I drive every day. To work five days out of the week, and on my days off I typically force myself to go grocery shopping or drive to Circle K. Despite driving every day, the terror of driving remains. It’s there when road conditions are top notch and intensifies if its raining or snowing.

Shouldn’t constant exposure result in a reduction and eventual extinction of this response?

As has been the case lately, I’d also been thinking how I really need to get a better-paying job, hopefully one closer to my apartment and which does not require driving down a long, dark, deer-infested stretch of road every workday.

I’m usually reactive, not proactive, so this is not going well for me. I feel the anxiety swelling in me. Which does not make me eager to stop smoking weed, which would be a good idea as many if not most decent jobs are going to require a drug screening.

Which, I must say, is not only fucking stupid, but unethical in my view. This is my body, what business is it of yours what I do with it? Judge me on my behavior, on my work ethic, not my body chemistry.

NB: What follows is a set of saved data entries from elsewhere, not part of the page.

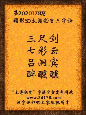 福彩第2020178期3d太湖字谜:三尺剑,七彩云,吕洞宾,醉醺醺。
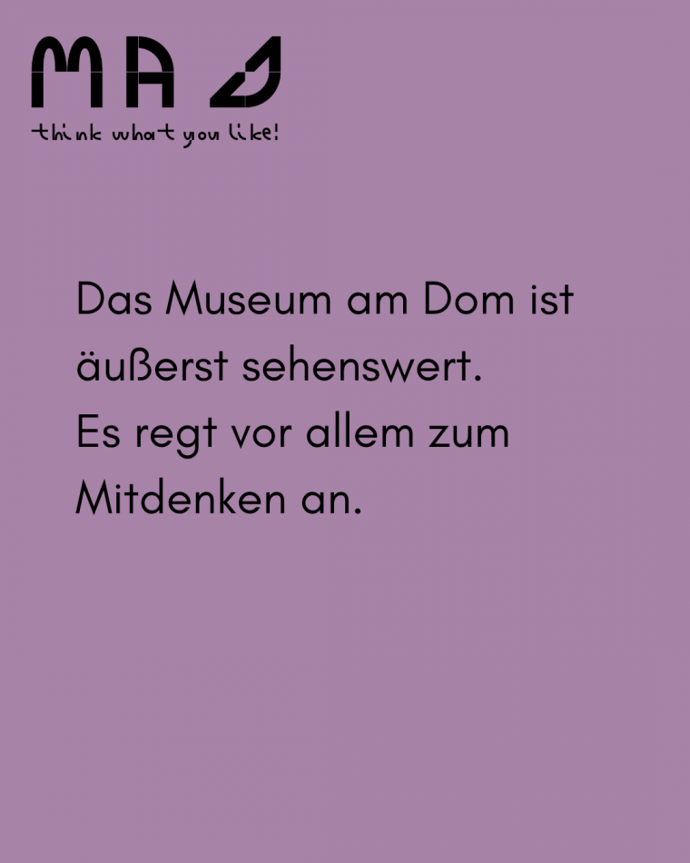 zusätzlich freier Eintritt für: ICOM, Mitglieder Bundesverband Museumspädagogik e. V., Mitglieder des Deutschen Museumsbundes, Freunde des Museums am Dom, FSJ - Freiwilliges Soziales Jahr, BFD - Bundesfreiwilligendienst, Pressevertreter*innen
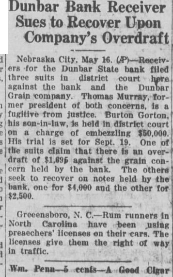 The first of what is predicted to be long list civil actions arising from the spectacular failure the Dunbar State Bank and the financial troubles of the Dunbar Grain Company, interlocking concerns insofar as the bank's failure is concerned, was filed in district court Saturday Receiver for the Dunbar State Bank whose president. Thomas Murray, is a much-sought fugitive from justice in dozen states and two or three foreign countries. brought suit Saturday against the Grain Company on three counts. The Bank alleges that the Grain Company, whose manager Burton Gorton faces prosecution on charges. embezzlement amounting to more than had an overdraft of $1,695.36 at the time of the bank's closing, and owes two notes, past due, one for $4,000 and another for $2,500. Stockholders of the grain company are substantial farmers living in and near Dunbar but the summons in the case is directed only against the Dunbar Grain Company.
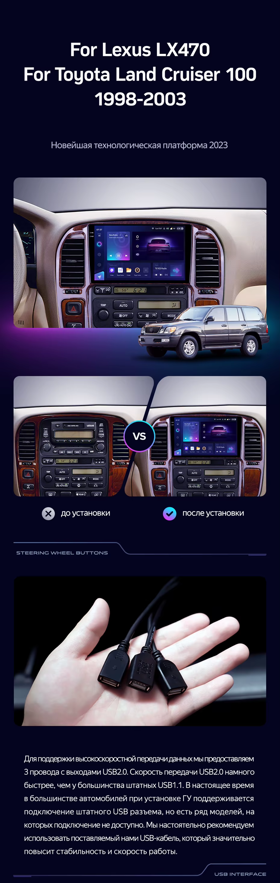 Полный комплект установки магнитолы Teyes с рамкой и проводкой можно выбрать в каталоге штатных магнитол Lexus LX470 (1998-2003).
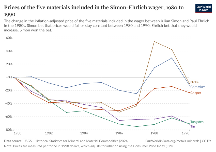 Hannah Ritchie (2025) - “Who would have won the Simon-Ehrlich bet over different decades, and what do long-term prices tell us about resource scarcity?” Published online at OurWorldinData.org. Retrieved from: 'https://update-wdi-2026-02-27.owid.pages.dev:8789/20251217-135836/simon-ehrlich-bet.html' [Online Resource] (archived on December 17, 2025).BibTeX citation
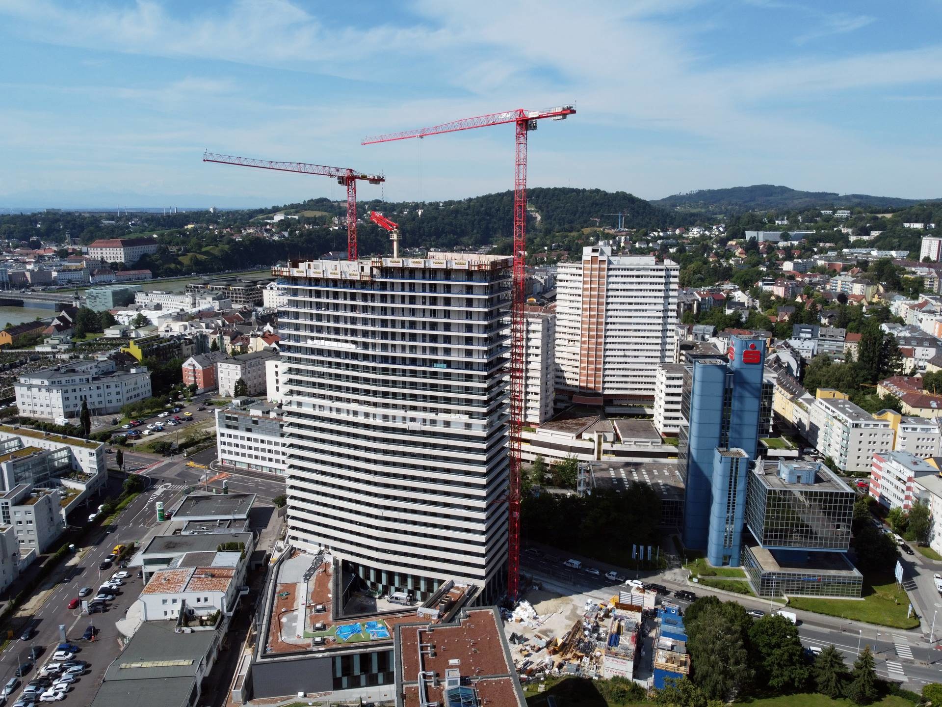 Am Bruckner Tower in Linz stehen aktuell zwei rote WOLFF-Krane mit 120,4 m und 131,6 m Hakenhöhen.
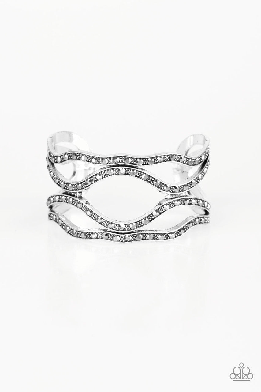 Encrusted in glittery hematite rhinestones, dotted silver bars wind across the wrist, coalescing into an edgy cuff.
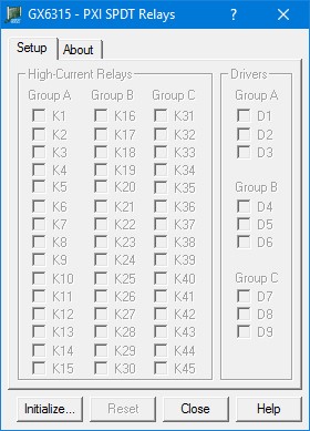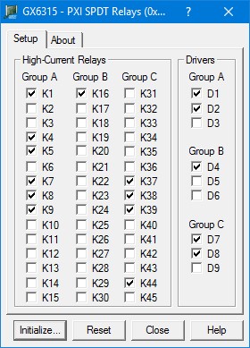 Relays Group Box (Relays K1 – K45): Displays the current relay setting (closed or open). When a box is checked, the relay is closed. Similarly, unchecked boxes mean relays are open.
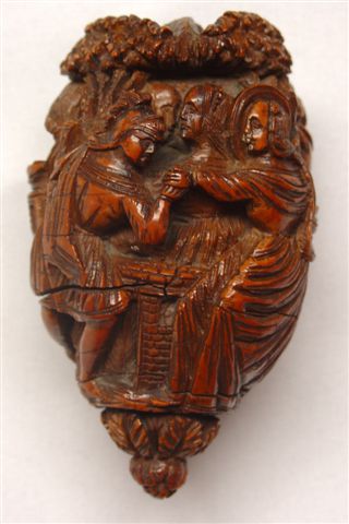 TABATIÈRE en noix de corozo, de forme ovoïde, à décor sculpté de scènes galantes, tête stylisée et fleurs. XVIIIe-XIXe. Haut. 8,5 cm. (mques)
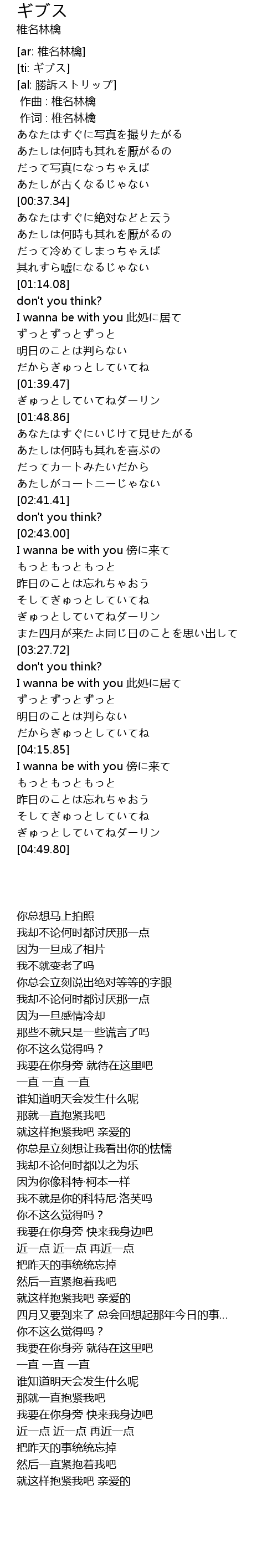 | [03:51.63] | I wanna be with you cǐ chǔ jū |
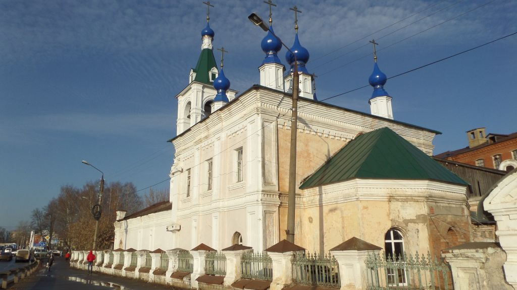 «Подворье Николо-Шартомского монастыря», 1880 г.1. Градостроительное положение: площадь в Заречной части города, около моста через Тезу.2. Объемно-пространственная композиция: к северу от храма расположен двухэтажный братский корпус, к югу – ограда, в которую включена прямоугольная, обращенная торцом к улице палатка.3. Конструкции и материалы: стены из кирпича на известковом растворе, оштукатурены и окрашены; металлическое покрытие столбов ограды, палатки, глав, шатра и кровель стропильной конструкции.
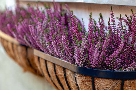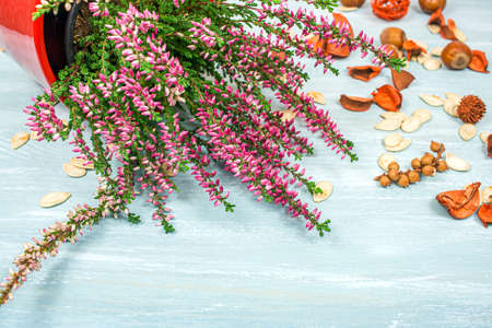 Beautiful heather flowers background. Close up of heather flowers. pink heather in autumn basket. home decor.
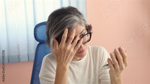 Middle-aged Caucasian woman adjusts glasses, gray hair, holding mirror, white top, blue chair, pink wall behind. Scene captures thoughtful moment during personal grooming, relaxed indoors.
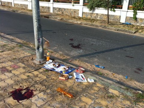 Hai phần lễ vật được đặt song song. Hai người với hai nén hương tỏa khói nghi ngút. Họ bắt đầu khấn vái. Chung quanh đó, nhiều vết máu đã khô. Nhiều mảnh vỡ, phụ tùng của chiếc xe máy và những hạt thủy tinh do chóa đèn bị vỡ vương vãi khắp nơi. Ở chân trụ điện, hai vết lõm còn mới tinh.
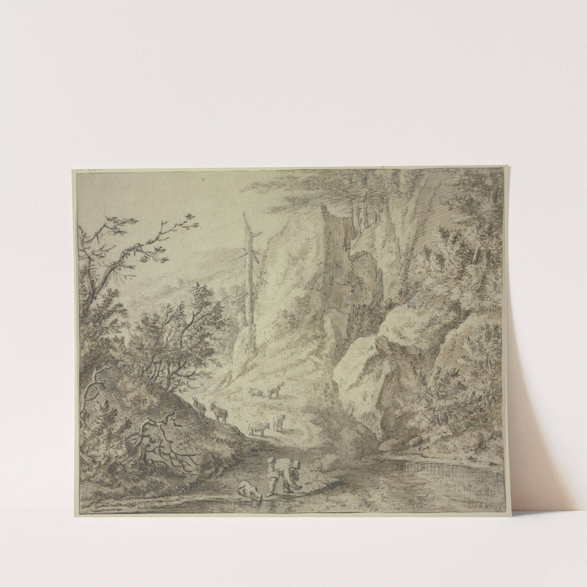 Wasserschöpfender Hirte mit seiner Ziegenherde by Jacob Happ - Wall Art Print
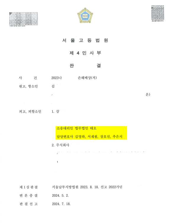 피고 주식회사는 화장품 제조 판매업 등을 하는 법인이며, 피고(의뢰인)는 피고 주식회사를 실질적으로 운영하는 사람이었습니다. 원고는 제작자이자 저작권자로서 피고들의 불법행위에 따라 손해를 입은 피해자라고 주장하며 피고는 원고의 저작재산권을 복제 및 공중송신의 방법으로 침해하였으므로 손해를 배상하라는 청구를 하였습니다. 원고는 1심에서 원고가 청구한 손해배상액 5억원 중 8백만원을 손해액으로 인정하고, 소송비용 중 90%를 원고가 부담한다는 1심 판결에 불복하여 항소를 제기하였습니다.
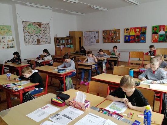 Žáci si vyzkoušeli testy se vším všudy – originální materiály z JŠ P.A.R.K. i stejný čas na vypracování jako u ostrých testů. Pro rodiče byl připraven info koutek, kde jim byly poskytnuty informace k ostrým testům a k dispozici byly také materiály a učebnice k nahlédnutí.
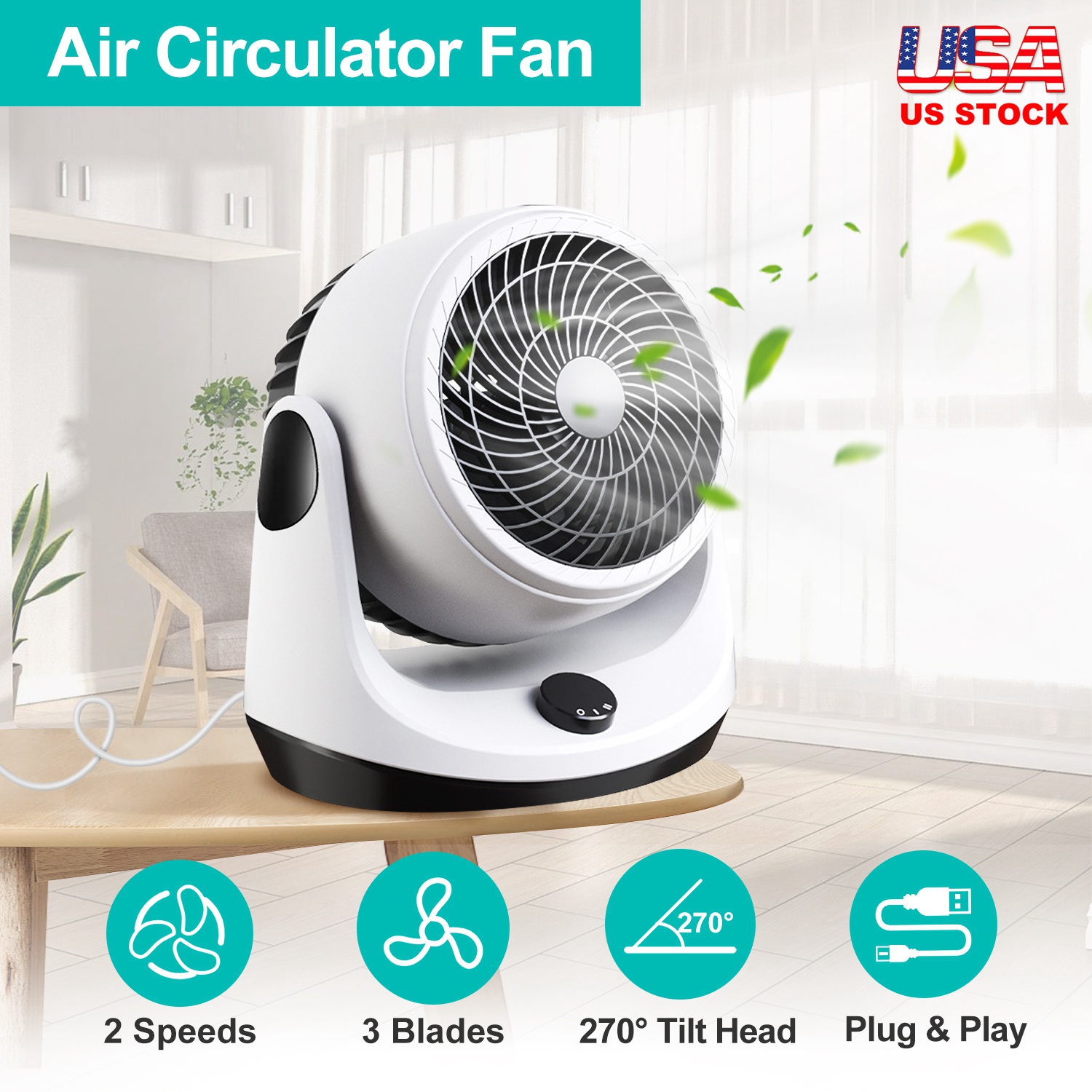 Table Desktop Fan Air Circulator Office Fan with 2 Speeds 270° Adjustable Head USB Plug Play for Room Office Kitchen Office

I’ve considered (as I do chronically) getting back on antidepressants again so the anxiety doesn’t triple upon stopping the weed, as prescription pharmaceuticals should get a pass on such tests.

I also wondered if I might be able to get prescribed marijuana for my anxiety and depression. Though this seems incredibly unlikely, it would solve at least one potential problem.

Especially after my withdrawal symptoms from hell when I tried to ween myself off of Effexor XR some years back, I certainly trust weed more than the aforementioned prescription pharmaceuticals.

But its just a comforting fucking fantasy.

And why is it that every time you take an illicit drug, or the legal drug alcohol, people say you’re masking the problem, but every time a psychiatrist gives you a prescription for a drug its considered treatment?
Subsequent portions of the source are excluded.